The 21st century has brought new challenges and newly emerging hazards that have led to a demand for ever-increasing precision in fire-detection initializing devices as well as notification systems. New technologies, such as the Internet of Things and ever-increasing interdisciplinary system integration, are utilized in installations to reduce detection and response times that lead to safer and faster evacuation.
One major factor for recent advances in fire detection is the ever-wider use and acceptance of new fire-detector technologies.
Aspiration smoke detectors (ASD) have been one of the fastest-growing detector types, a fact that is evident in the expansion of the related paragraphs in Chapter 17 of NFPA 72 as well as their recent introduction in European Norm (EN) 54 part 14 guidelines. Aspiration smoke sensors in the market are based on two types of technologies:
- Point-based solution, with the system consisting of enclosed smoke sensors with a fan system that continuously draws air samples
- Light-scattering-based solution, in which the system draws air into a laser or LED chamber to detect threats.

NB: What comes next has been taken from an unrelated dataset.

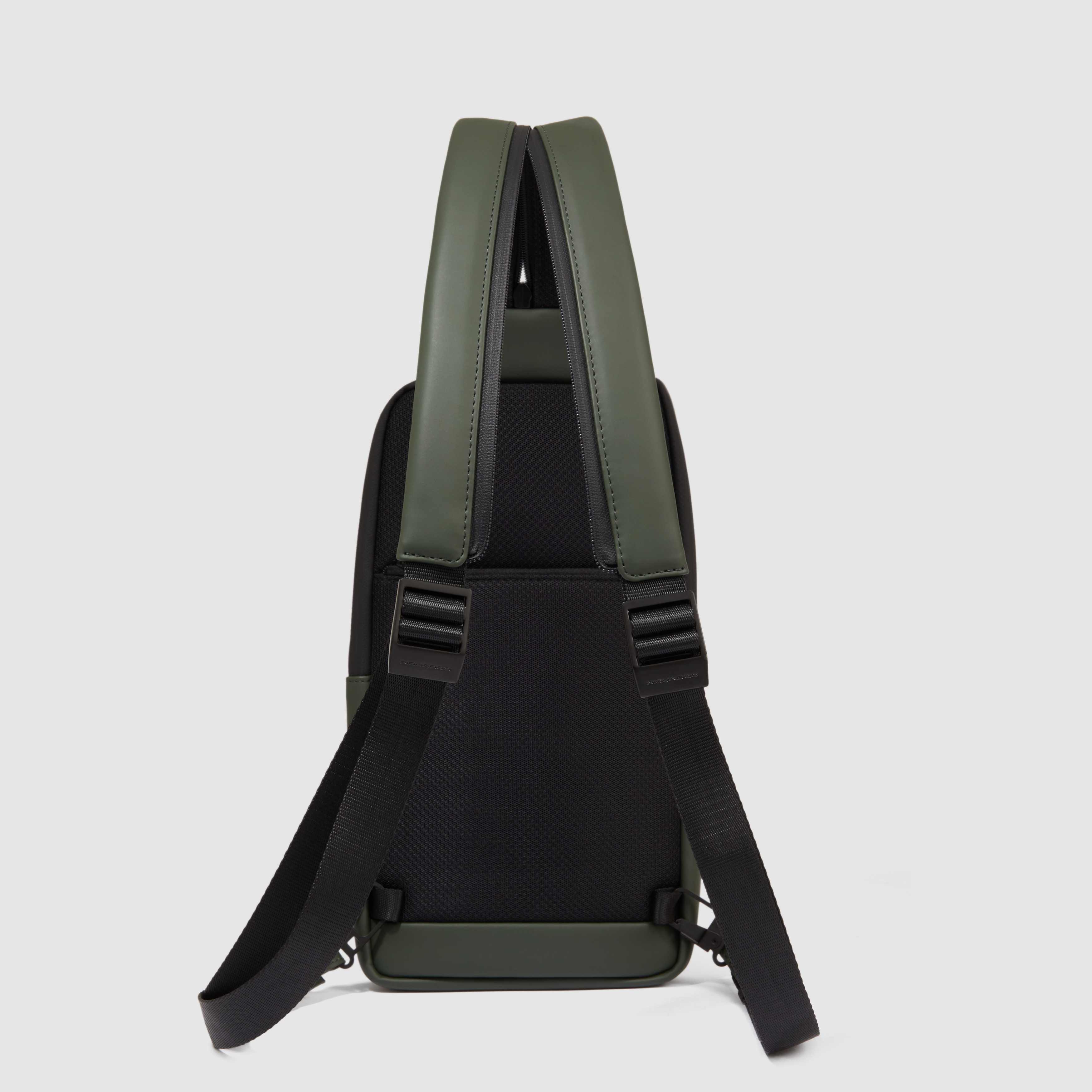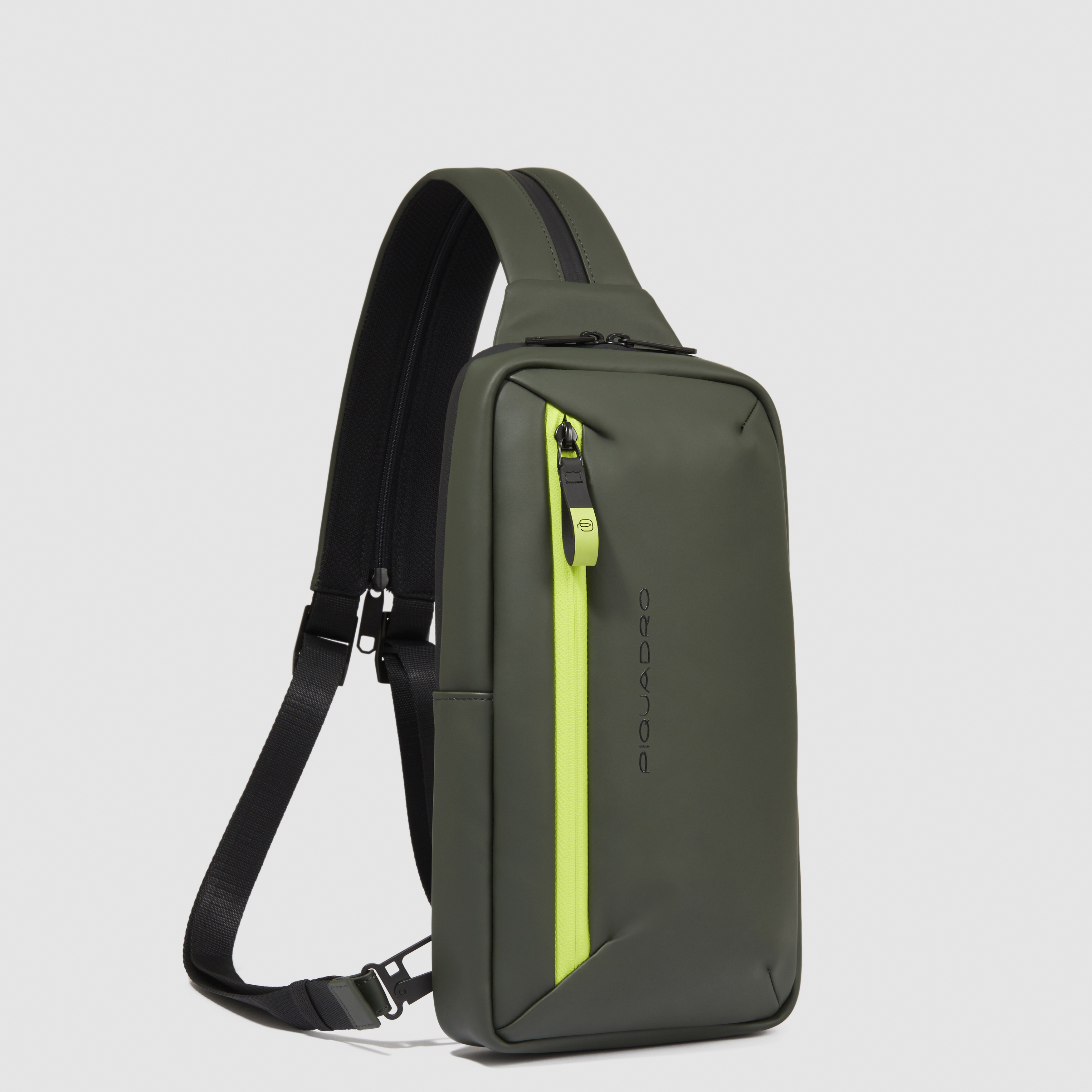 Zaino monospalla porta iPad®mini in tessuto gommato resistente all'acqua con protezione RFID e tasca per Piquadro Smart Tracker. 1 comparto. Chiusura con zip. Spedito su bustina trasparente.

Aspiration sensors offer two advantages in comparison to point-type smoke detectors: much higher accuracy and the ability to detect fire in large open areas, where stratification and smoke dilution is likely to occur. These advantages have led to aspirating sensors being widely used in two types of installations that define the second decade of the 21st century: large data centers and logistic hubs.
The challenge in the adoption of these types of sensors in a wider range of installations is two-fold. First, there is a lack of awareness of their benefits among end-users that, with the addition of greater initial installation costs than regular point sensors, tend to shy away from new and more expensive solutions and, second, there is a reluctance of system designers and installers to promote aspirating sensors due to the complexity of the pipe network that this type of sensor requires.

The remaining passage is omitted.